• [YOUR OBJECTIVE] Exactly the lines below from the line with "Este fresco plato" through the line with "太めのものが多いカーゴパンツ" must make up the answer, both ends included and pictures left out.

• [GIVEN RECORDS]
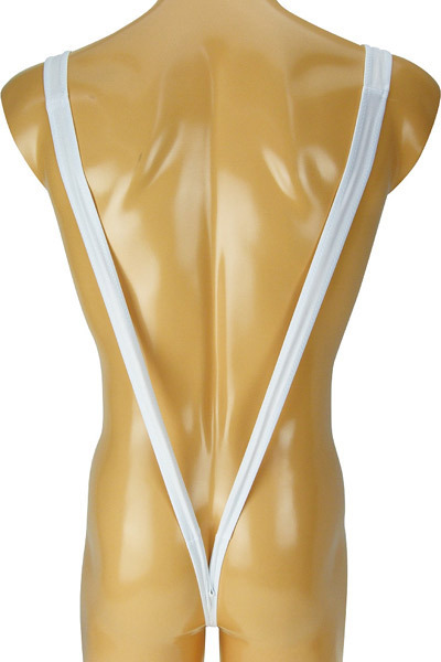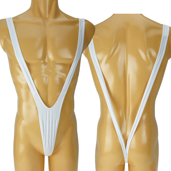 男のおしゃれは下着から!大きくV字に開いたスリングショットデザインのメンズショーツ(ホワイト)。縦のラインを強調するマンキニ風のサスペンダーデザイン!男性の魅力を最大限に引き出すワイルドでセクシーなメンズランジェリー。肌に馴染むストレッチ生地で着心地も良好!背面は食い込み度の高いTバックで後姿に一段と潔いセクシーさを感じさせてくれます。
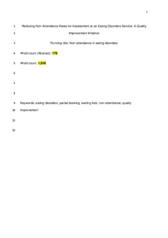 Reducing non-attendance rates for assessment at an eating disorders service: a quality improvement initiative.
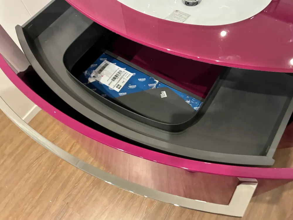 Bagno lux Scavolini di cm 120 prof max 51 laccato metallizzato lucido piano in vetro prodotto in sconto per rinnovo mostra non disponibile altri accessori
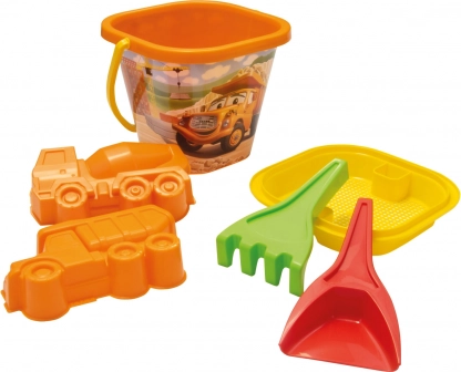 - Vedro, lopatka, grabljice, sito, 2 modelčka (tovornjak, mešalec)
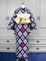 紺地にダイヤとクローバー柄のレトロなデザインが可愛い有松鳴海絞り浴衣です!
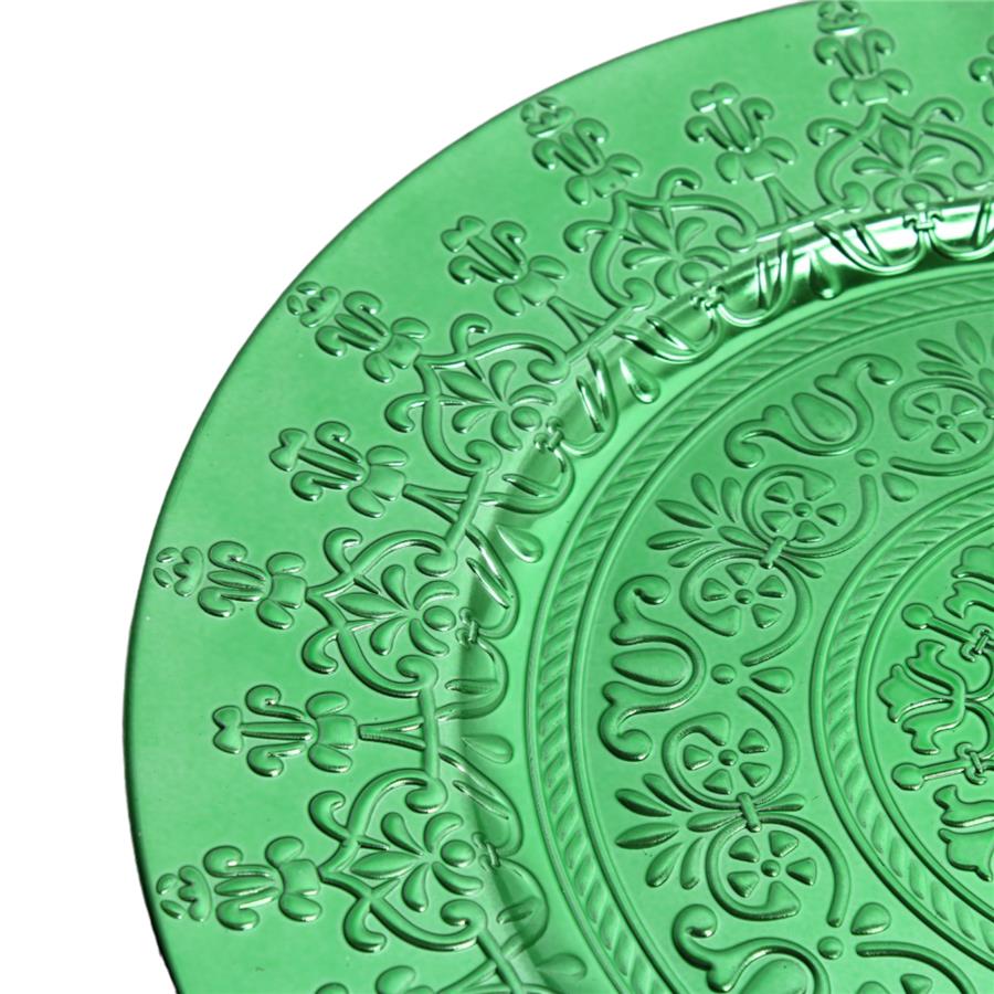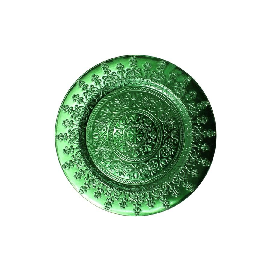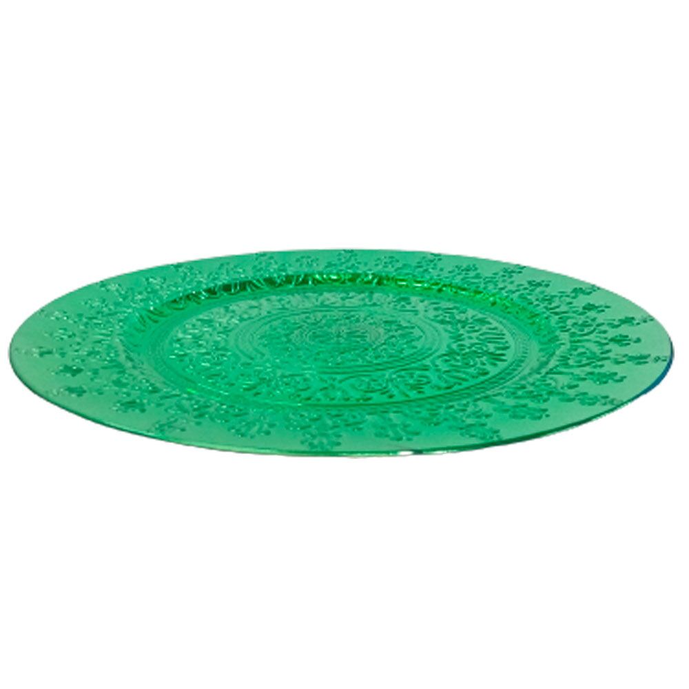 Este fresco plato de presentación irradia vitalidad, diseño orgánico y una rica textura. Su color verde y el diseño grabado en la superficie crean una estética serena y natural. Fabricado en plástico, es la base ideal para ambientes relajados y modernos. Material: Plástico. Medidas: 33 cm (diámetro).
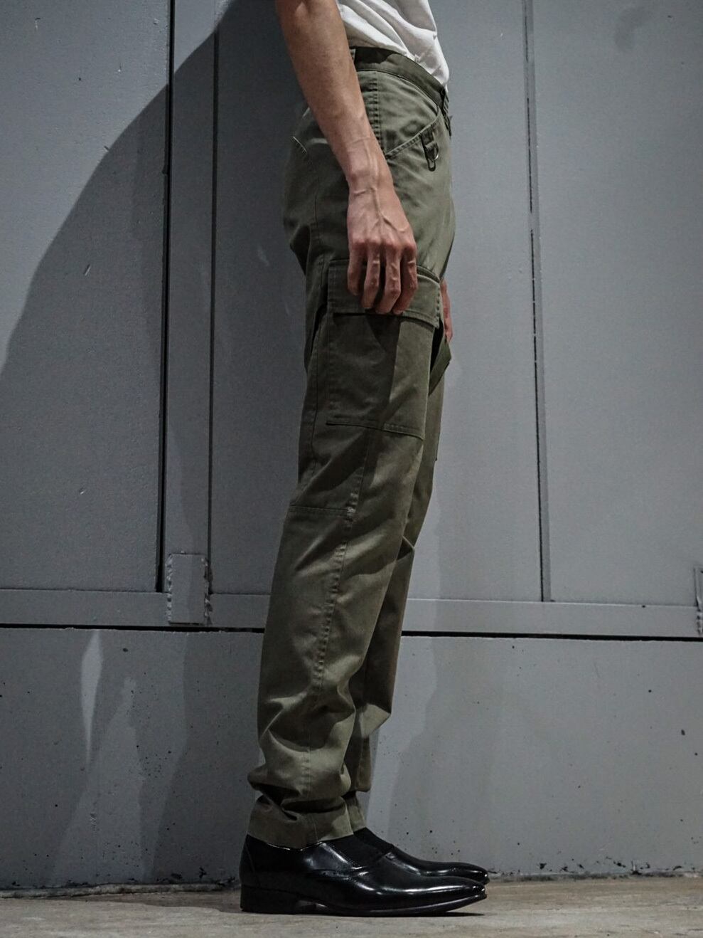 太めのものが多いカーゴパンツですが、細すぎず太すぎずのスタイルを選ばないサイジングに加え、ストンとした落ち感の美しいストレートシルエットによりスタイルアップや脚長効果も期待できる1本になっています。
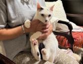即戦力の推定2歳くらいの白キジの男の子です。鍵尻尾で、お顔としっぽがキジ模様です。人が大好きで子供でも抱っこできます。とても甘えん坊で可愛くて預かりのお家でも一緒に寝ています。お子様がいるお家や初心者様、また猫より人が好きなので1匹で溺愛したいご家族様におすすめです。人馴れ家なれ抜群なので、ケージなどをご用意する必要はありません。保護してからシャンプーしてとても綺麗な白キジちゃんになりました。

• [SOLUTION TO THIS EXERCISE]
 Este fresco plato de presentación irradia vitalidad, diseño orgánico y una rica textura. Su color verde y el diseño grabado en la superficie crean una estética serena y natural. Fabricado en plástico, es la base ideal para ambientes relajados y modernos. Material: Plástico. Medidas: 33 cm (diámetro).
 太めのものが多いカーゴパンツですが、細すぎず太すぎずのスタイルを選ばないサイジングに加え、ストンとした落ち感の美しいストレートシルエットによりスタイルアップや脚長効果も期待できる1本になっています。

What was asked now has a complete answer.